● MATERIAL SHOWN:

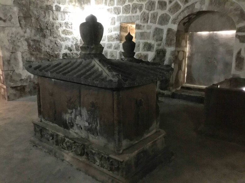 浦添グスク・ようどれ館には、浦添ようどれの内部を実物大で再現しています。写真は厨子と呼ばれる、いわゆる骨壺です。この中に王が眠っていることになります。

...

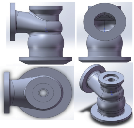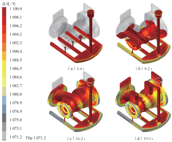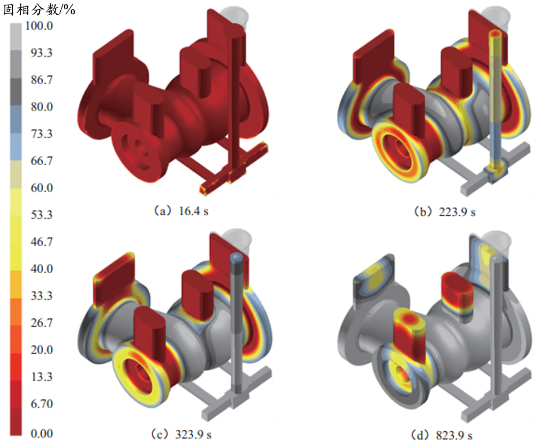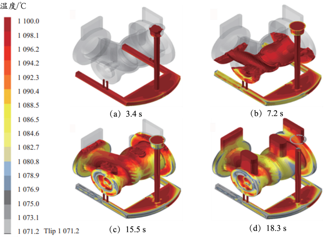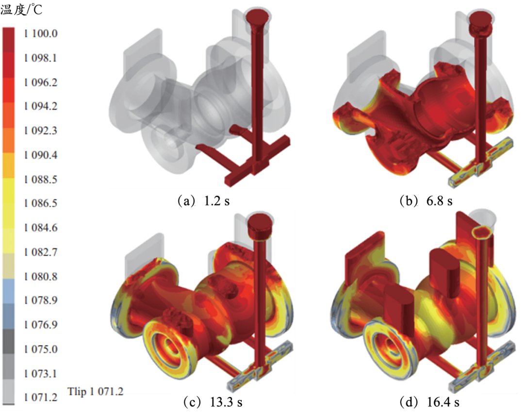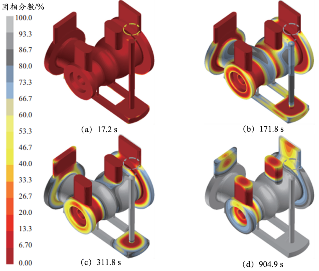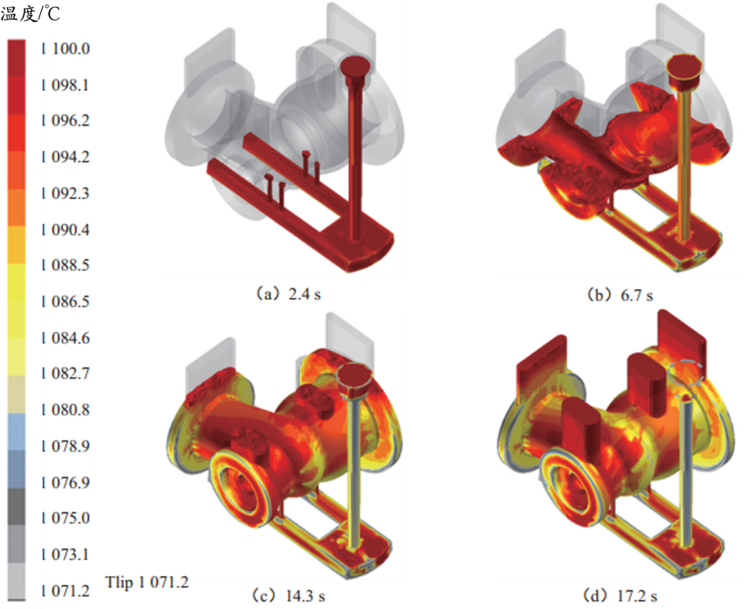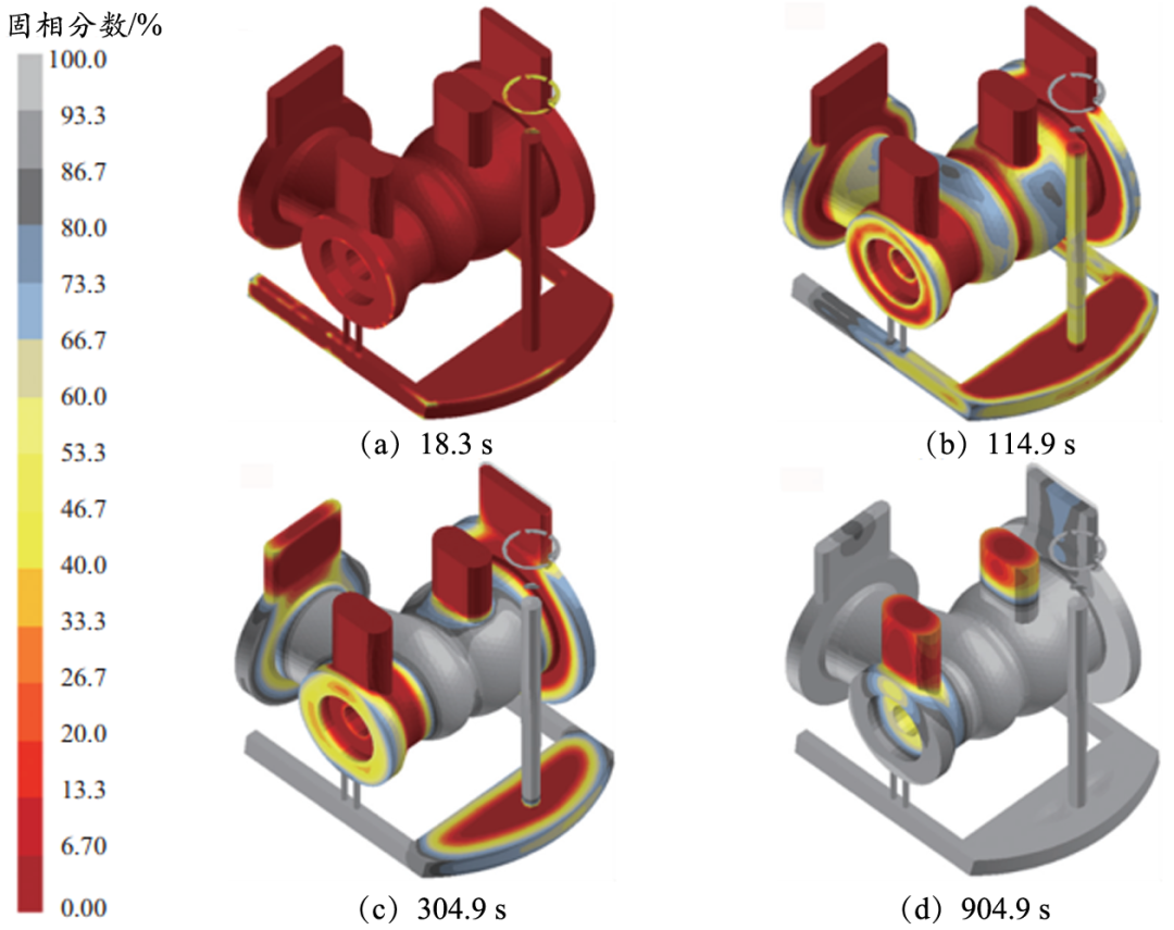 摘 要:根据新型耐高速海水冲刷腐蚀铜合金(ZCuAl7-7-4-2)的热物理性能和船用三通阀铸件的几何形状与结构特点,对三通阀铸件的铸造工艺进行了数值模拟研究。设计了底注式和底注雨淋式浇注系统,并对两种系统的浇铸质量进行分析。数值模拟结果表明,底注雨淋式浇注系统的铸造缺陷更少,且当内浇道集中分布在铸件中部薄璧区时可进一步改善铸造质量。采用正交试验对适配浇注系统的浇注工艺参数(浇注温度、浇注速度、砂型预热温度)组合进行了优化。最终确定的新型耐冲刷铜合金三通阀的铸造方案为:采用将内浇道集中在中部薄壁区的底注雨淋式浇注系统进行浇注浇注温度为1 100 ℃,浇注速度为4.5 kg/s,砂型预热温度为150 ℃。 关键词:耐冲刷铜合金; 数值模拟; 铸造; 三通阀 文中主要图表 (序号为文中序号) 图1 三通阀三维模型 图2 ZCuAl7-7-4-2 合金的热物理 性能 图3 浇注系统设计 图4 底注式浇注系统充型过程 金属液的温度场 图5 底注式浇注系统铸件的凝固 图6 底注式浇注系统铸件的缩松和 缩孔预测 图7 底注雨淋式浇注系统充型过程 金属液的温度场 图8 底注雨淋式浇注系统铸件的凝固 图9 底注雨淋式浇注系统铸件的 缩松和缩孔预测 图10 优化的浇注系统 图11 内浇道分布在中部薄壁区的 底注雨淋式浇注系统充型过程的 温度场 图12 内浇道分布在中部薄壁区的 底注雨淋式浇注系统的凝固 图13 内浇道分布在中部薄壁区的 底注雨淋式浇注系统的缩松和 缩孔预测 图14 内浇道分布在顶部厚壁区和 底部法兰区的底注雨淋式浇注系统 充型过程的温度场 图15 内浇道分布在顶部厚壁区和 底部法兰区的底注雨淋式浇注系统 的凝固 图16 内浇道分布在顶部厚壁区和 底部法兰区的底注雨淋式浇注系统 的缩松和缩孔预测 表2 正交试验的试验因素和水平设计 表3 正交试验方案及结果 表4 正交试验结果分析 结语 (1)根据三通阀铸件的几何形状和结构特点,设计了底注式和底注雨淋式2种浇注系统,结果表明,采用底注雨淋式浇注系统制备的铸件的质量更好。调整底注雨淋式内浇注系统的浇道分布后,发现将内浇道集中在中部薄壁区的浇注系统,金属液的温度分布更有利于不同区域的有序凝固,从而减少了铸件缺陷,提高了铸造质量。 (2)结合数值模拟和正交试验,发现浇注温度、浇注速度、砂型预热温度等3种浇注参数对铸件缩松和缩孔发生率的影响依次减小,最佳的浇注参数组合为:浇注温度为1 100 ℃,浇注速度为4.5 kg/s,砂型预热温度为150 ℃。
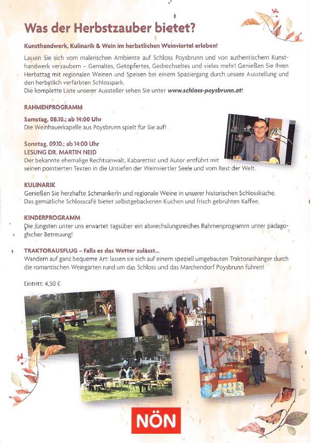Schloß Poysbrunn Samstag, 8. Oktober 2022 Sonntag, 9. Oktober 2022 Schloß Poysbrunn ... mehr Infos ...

● ASSIGNED TASK: Out of the records above, set down only the lines from the one that contains "kg/s,砂型预热温度为150 ℃。 关键词:耐冲刷铜合金;" through the one that contains "Schloß Poysbrunn Samstag, 8.", unchanged and without the pictures.

● YOUR SOLUTION:
 摘 要:根据新型耐高速海水冲刷腐蚀铜合金(ZCuAl7-7-4-2)的热物理性能和船用三通阀铸件的几何形状与结构特点,对三通阀铸件的铸造工艺进行了数值模拟研究。设计了底注式和底注雨淋式浇注系统,并对两种系统的浇铸质量进行分析。数值模拟结果表明,底注雨淋式浇注系统的铸造缺陷更少,且当内浇道集中分布在铸件中部薄璧区时可进一步改善铸造质量。采用正交试验对适配浇注系统的浇注工艺参数(浇注温度、浇注速度、砂型预热温度)组合进行了优化。最终确定的新型耐冲刷铜合金三通阀的铸造方案为:采用将内浇道集中在中部薄壁区的底注雨淋式浇注系统进行浇注浇注温度为1 100 ℃,浇注速度为4.5 kg/s,砂型预热温度为150 ℃。 关键词:耐冲刷铜合金; 数值模拟; 铸造; 三通阀 文中主要图表 (序号为文中序号) 图1 三通阀三维模型 图2 ZCuAl7-7-4-2 合金的热物理 性能 图3 浇注系统设计 图4 底注式浇注系统充型过程 金属液的温度场 图5 底注式浇注系统铸件的凝固 图6 底注式浇注系统铸件的缩松和 缩孔预测 图7 底注雨淋式浇注系统充型过程 金属液的温度场 图8 底注雨淋式浇注系统铸件的凝固 图9 底注雨淋式浇注系统铸件的 缩松和缩孔预测 图10 优化的浇注系统 图11 内浇道分布在中部薄壁区的 底注雨淋式浇注系统充型过程的 温度场 图12 内浇道分布在中部薄壁区的 底注雨淋式浇注系统的凝固 图13 内浇道分布在中部薄壁区的 底注雨淋式浇注系统的缩松和 缩孔预测 图14 内浇道分布在顶部厚壁区和 底部法兰区的底注雨淋式浇注系统 充型过程的温度场 图15 内浇道分布在顶部厚壁区和 底部法兰区的底注雨淋式浇注系统 的凝固 图16 内浇道分布在顶部厚壁区和 底部法兰区的底注雨淋式浇注系统 的缩松和缩孔预测 表2 正交试验的试验因素和水平设计 表3 正交试验方案及结果 表4 正交试验结果分析 结语 (1)根据三通阀铸件的几何形状和结构特点,设计了底注式和底注雨淋式2种浇注系统,结果表明,采用底注雨淋式浇注系统制备的铸件的质量更好。调整底注雨淋式内浇注系统的浇道分布后,发现将内浇道集中在中部薄壁区的浇注系统,金属液的温度分布更有利于不同区域的有序凝固,从而减少了铸件缺陷,提高了铸造质量。 (2)结合数值模拟和正交试验,发现浇注温度、浇注速度、砂型预热温度等3种浇注参数对铸件缩松和缩孔发生率的影响依次减小,最佳的浇注参数组合为:浇注温度为1 100 ℃,浇注速度为4.5 kg/s,砂型预热温度为150 ℃。
Schloß Poysbrunn Samstag, 8. Oktober 2022 Sonntag, 9. Oktober 2022 Schloß Poysbrunn ... mehr Infos ...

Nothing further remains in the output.